WHAT THE TASK REQUIRES: Leave the pictures out and return every line below exactly.

-- INFORMATION SUPPLIED follows --

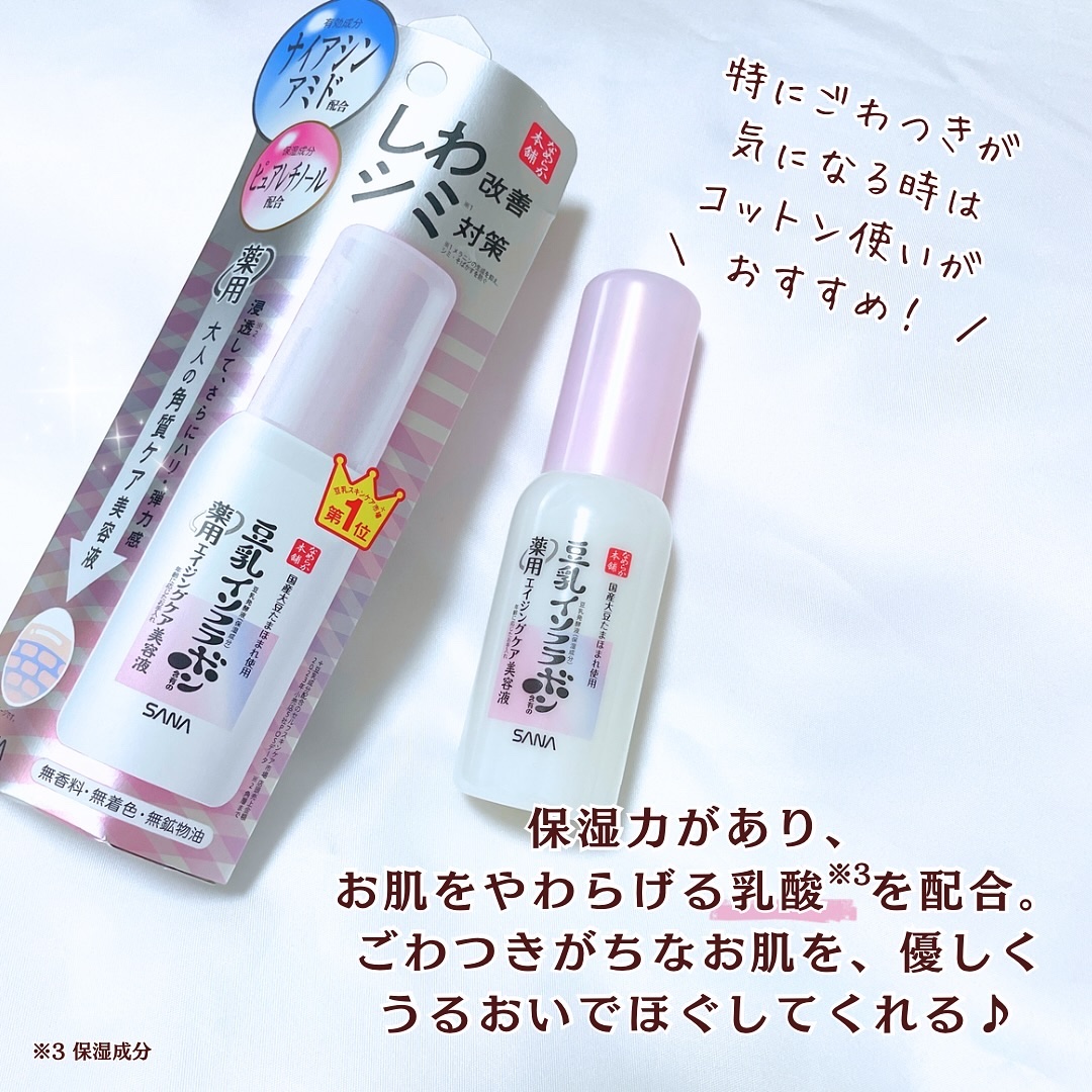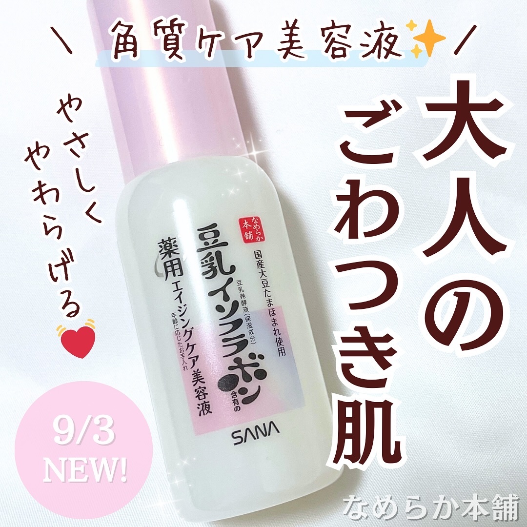 - 【医薬部外品】 浸透*1して、ハリ・弾力感 大人の角質ケア美容液 無香料・無着色・無鉱物油 豆乳発酵液含有の薬用エイジングケア*2美容液 しわ改善&シミ対策できる豆乳の角質ケア美容液 シミ対策:メラニンの生成を抑え、シミ・そばかすを防ぐ 有効成分ナイアシンアミドがお肌の奥まで届く! 角質にアプローチしながら、ハリ・透明感のある素肌へ。 乾燥が気になる大人のお肌に 乳酸(保湿成分):うるおいで角層をやわらかくなめらかに整えます。 豆乳発酵液(保湿成分):弾力感・うるおいを与え、ふっくらとした質感のお肌に。 ピュアレチノール(保湿成分):ビタミンAの一種で、ハリのあるお肌に。 ナイアシンアミド(有効成分):しわを改善し、メラニンの生成を抑え、シミ・そばかすを防ぎます。 ごわつきが気になるときに・・・コットン使い! 洗顔後、化粧水の前にコットンに適量(3プッシュ程度)をとり、お顔全体にやさしくくるくると広げてなじませてください。 つるんとハリ・透明感! 国産丸大豆「たまほまれ」使用 なめらか本舗「エイジングケアライン」オリジナルの豆乳発酵液(保湿成分)は、国内で栽培された大豆「たまほまれ」を丸ごと使用して作られています。 なめらか濃縮製法でつくるオリジナルの豆乳発酵液 豆乳発酵液に使用している大豆は、遺伝子組換えなし大豆を使用しています。 ●パッチテスト済み ●アレルギーテスト済み (すべての方に皮フ刺激やアレルギーが起きないわけではありません。) *1角層まで *2年齢に応じたお手入れ
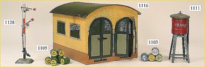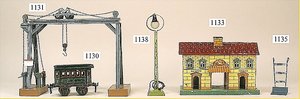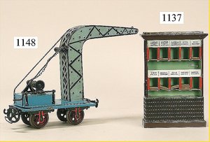 MÄRKLIN Spur 2, seltener Güterschuppen, Uralt, vorn u. seitlich Treppenaufgang, Verladerampe, 2 Verladekräne, sehr schöner Orig.-Zust., mit nur minim. Lackfehlern, sehr schöne leuchtende Farben, selten
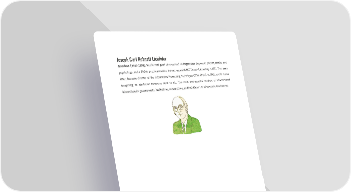 Joseph Carl Robnett Licklider American (1915-1990). Intellectual giant who earned undergraduate degrees in physics, maths, and psychology, and a PhD in psychoacoustics. Helped establish MIT Lincoln Laboratory in 1951. Two years later, became director of the Information Processing Techniques Office (IPTO). In 1962, wrote memo imagining an electronic commons open to all, “the main and essential medium of informational interaction for governments, institutions, corporations, and individuals”. In other words, the internet.
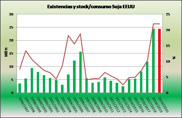 Suponiendo que la demanda en EEUU para el próximo año comercial no muestre alteraciones respecto al último informe de USDA, entonces los inventarios finales de EEUU para el ciclo 19/20 serían similares a los del ciclo en curso (24.4 mill tt; barras y eje izquierdo del gráfico 4), en tanto que la relación stock/consumo seguiría en torno al 22% (línea y eje derecho, continuaríamos en máximos históricos)

-- INFORMATION SUPPLIED concluded --

SOLUTION:
 - 【医薬部外品】 浸透*1して、ハリ・弾力感 大人の角質ケア美容液 無香料・無着色・無鉱物油 豆乳発酵液含有の薬用エイジングケア*2美容液 しわ改善&シミ対策できる豆乳の角質ケア美容液 シミ対策:メラニンの生成を抑え、シミ・そばかすを防ぐ 有効成分ナイアシンアミドがお肌の奥まで届く! 角質にアプローチしながら、ハリ・透明感のある素肌へ。 乾燥が気になる大人のお肌に 乳酸(保湿成分):うるおいで角層をやわらかくなめらかに整えます。 豆乳発酵液(保湿成分):弾力感・うるおいを与え、ふっくらとした質感のお肌に。 ピュアレチノール(保湿成分):ビタミンAの一種で、ハリのあるお肌に。 ナイアシンアミド(有効成分):しわを改善し、メラニンの生成を抑え、シミ・そばかすを防ぎます。 ごわつきが気になるときに・・・コットン使い! 洗顔後、化粧水の前にコットンに適量(3プッシュ程度)をとり、お顔全体にやさしくくるくると広げてなじませてください。 つるんとハリ・透明感! 国産丸大豆「たまほまれ」使用 なめらか本舗「エイジングケアライン」オリジナルの豆乳発酵液(保湿成分)は、国内で栽培された大豆「たまほまれ」を丸ごと使用して作られています。 なめらか濃縮製法でつくるオリジナルの豆乳発酵液 豆乳発酵液に使用している大豆は、遺伝子組換えなし大豆を使用しています。 ●パッチテスト済み ●アレルギーテスト済み (すべての方に皮フ刺激やアレルギーが起きないわけではありません。) *1角層まで *2年齢に応じたお手入れ
 MÄRKLIN Spur 2, seltener Güterschuppen, Uralt, vorn u. seitlich Treppenaufgang, Verladerampe, 2 Verladekräne, sehr schöner Orig.-Zust., mit nur minim. Lackfehlern, sehr schöne leuchtende Farben, selten
 Joseph Carl Robnett Licklider American (1915-1990). Intellectual giant who earned undergraduate degrees in physics, maths, and psychology, and a PhD in psychoacoustics. Helped establish MIT Lincoln Laboratory in 1951. Two years later, became director of the Information Processing Techniques Office (IPTO). In 1962, wrote memo imagining an electronic commons open to all, “the main and essential medium of informational interaction for governments, institutions, corporations, and individuals”. In other words, the internet.
 Suponiendo que la demanda en EEUU para el próximo año comercial no muestre alteraciones respecto al último informe de USDA, entonces los inventarios finales de EEUU para el ciclo 19/20 serían similares a los del ciclo en curso (24.4 mill tt; barras y eje izquierdo del gráfico 4), en tanto que la relación stock/consumo seguiría en torno al 22% (línea y eje derecho, continuaríamos en máximos históricos)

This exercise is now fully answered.